[What the exercise asks]: Output exactly the lines that run from the start of the records to the line with "Complex Typesによるパフォーマンスモデリング ・", counting both ends, and skip the pictures.

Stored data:
###

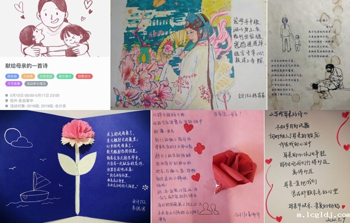 母亲节前夕,会计系团总支通过第二课堂平台,线上发起“献给母亲的一首诗”活动,活动作品要求以感恩母爱为主题,用经典诗歌或原创诗歌表达对母亲的真情实感。各班级学生踊跃报名参与,活动共征集到2018、2019级学生作品300余幅,同学们用绘画、剪纸、染色、拼图等创作方式点缀献给母亲的诗歌,表达对母亲辛勤养育的感恩之情。
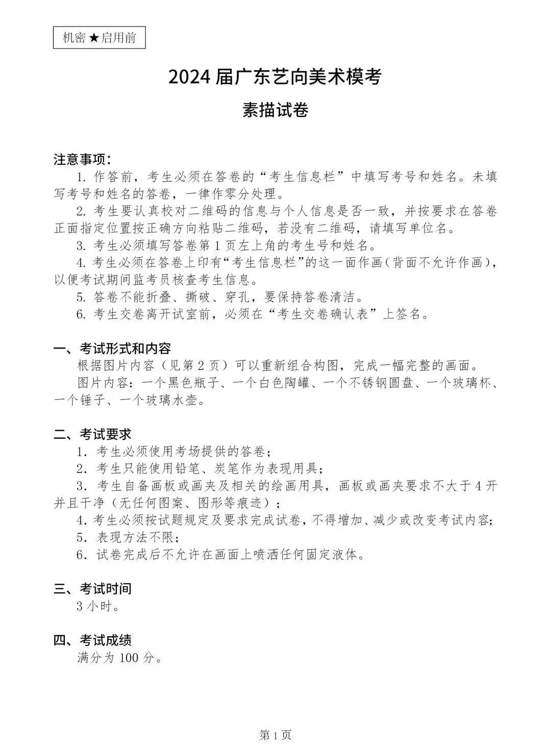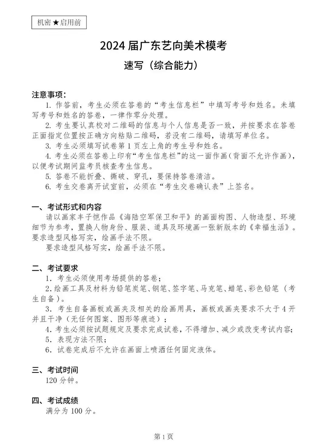 2024屆廣東美術一模考題(藝向)
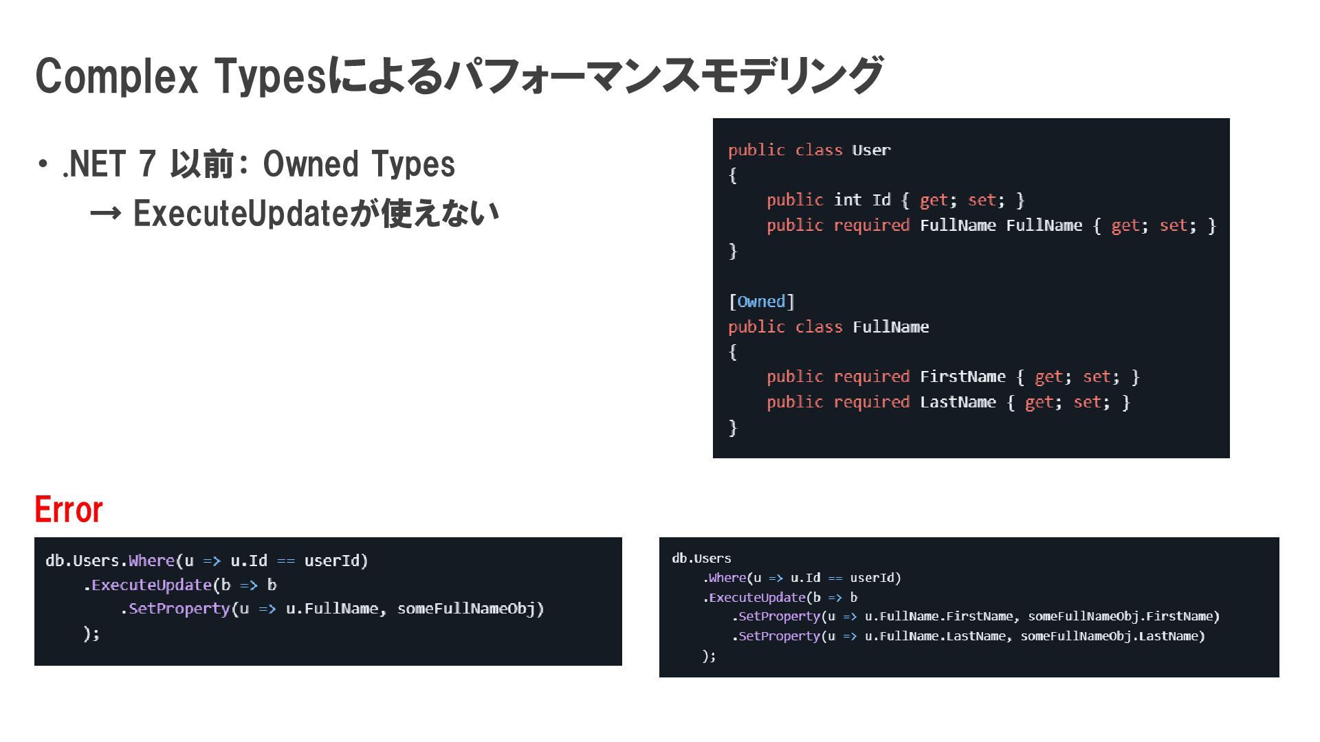 Complex Typesによるパフォーマンスモデリング ・ .NET 7 以前: Owned Types → ExecuteUpdateが使えない
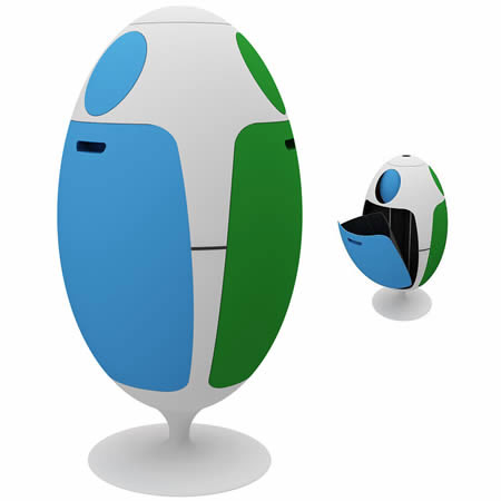 ? 全球創意垃圾桶設計六:雞蛋垃圾桶,如果你嫌別的垃圾分類方法太麻煩,這款垃圾桶是個很好的選擇。垃圾桶名為Ovetto,意大利文的意思是小雞蛋的意思。設計師Gianluca Soldi用三種不同色將垃圾桶內部空間隔為三大部分,只需要將垃圾對應投對顏色即可。
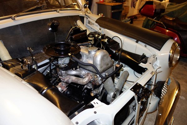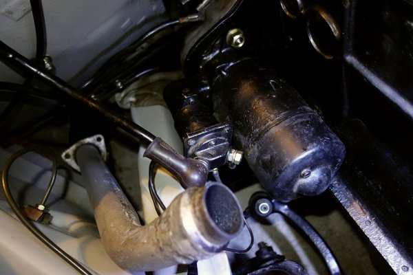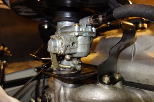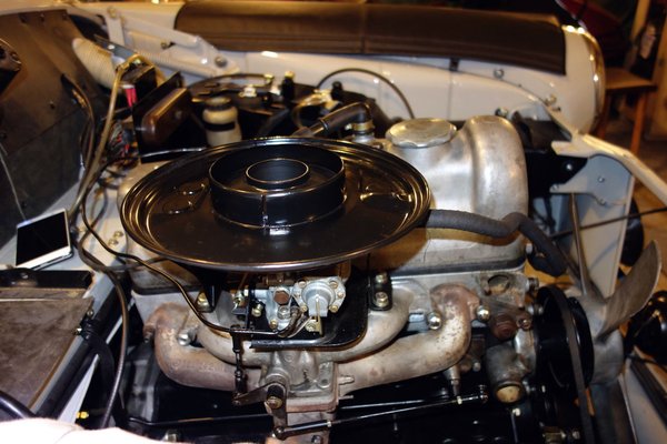 Még a gyújtáselosztó vákuumcsövét is áthúztam a motor mögött, a karburátorba való rögzítődarabot pedig elláttam menetrögzítővel, mert a fele se tréfa, ha ott kitépi a menetet. Ennek a csőnek még ki kell találnom valami rögzítést, mert így nem lifeghet szabadon... Légszűrőház is felment, de magát a szűrőt és a fedelet nem teszem fel, mert indításkor itt majd matatni kell a benzines fecskendővel, ha nem akarom legyilkoni a frissen rendbe tett indítómotort.
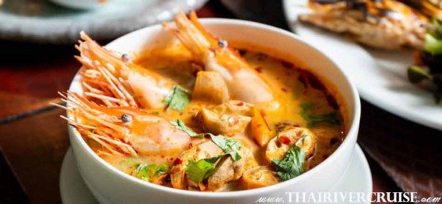 The cruise features a full program of entertainment, including live pop and jazz music by a band, a DJ set for dancing, traditional Thai classical dance performances, and exciting lucky draw activities.
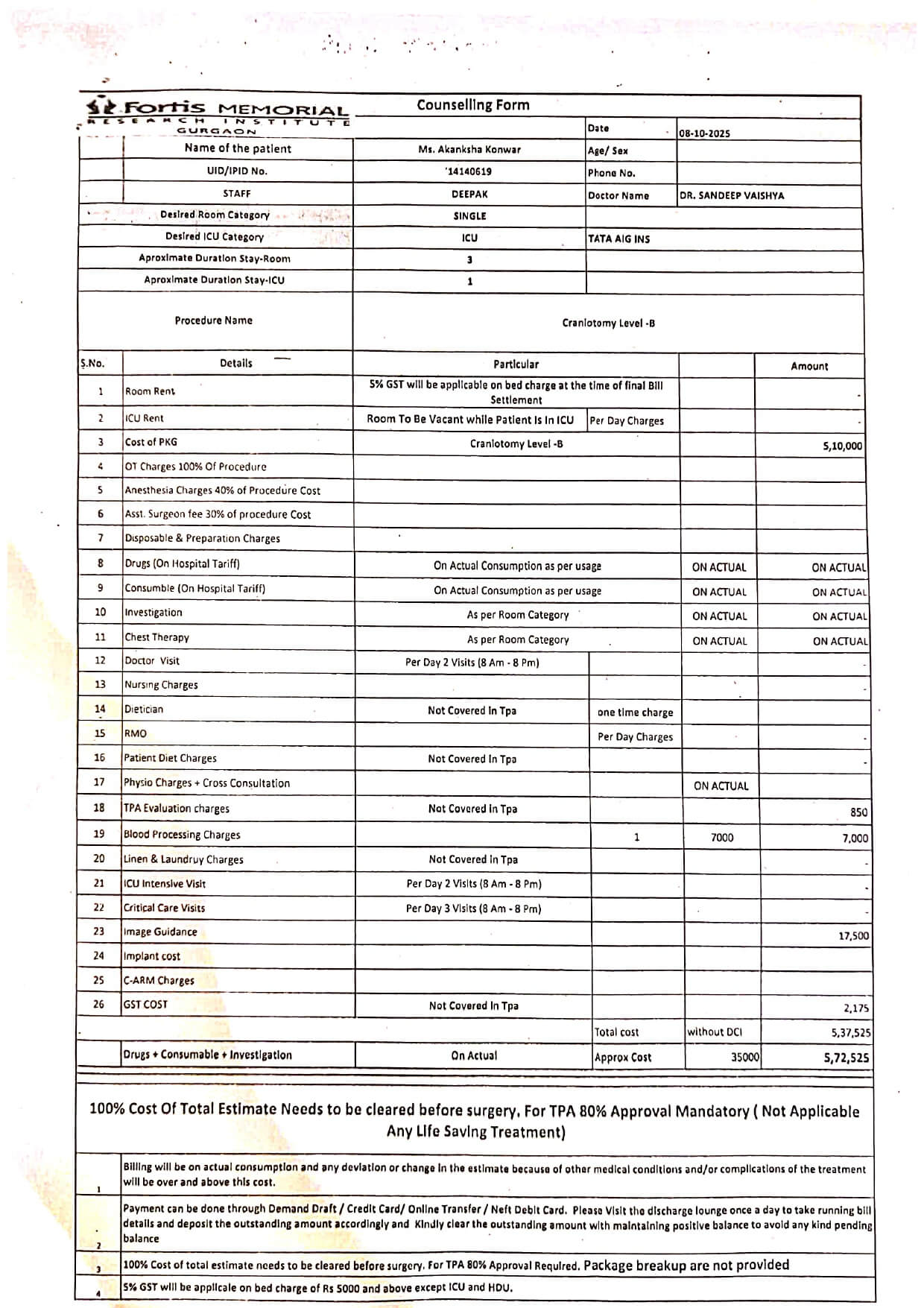 Akanksha is currently admitted to Fortis Memorial Hospital, Gurgaon, under close medical supervision. She is scheduled to undergo neuronavigation-guided excision of the tumour on 15th October 2025. The surgery is crucial and cannot be delayed.

###

[Task output]:
 母亲节前夕,会计系团总支通过第二课堂平台,线上发起“献给母亲的一首诗”活动,活动作品要求以感恩母爱为主题,用经典诗歌或原创诗歌表达对母亲的真情实感。各班级学生踊跃报名参与,活动共征集到2018、2019级学生作品300余幅,同学们用绘画、剪纸、染色、拼图等创作方式点缀献给母亲的诗歌,表达对母亲辛勤养育的感恩之情。
 2024屆廣東美術一模考題(藝向)
 Complex Typesによるパフォーマンスモデリング ・ .NET 7 以前: Owned Types → ExecuteUpdateが使えない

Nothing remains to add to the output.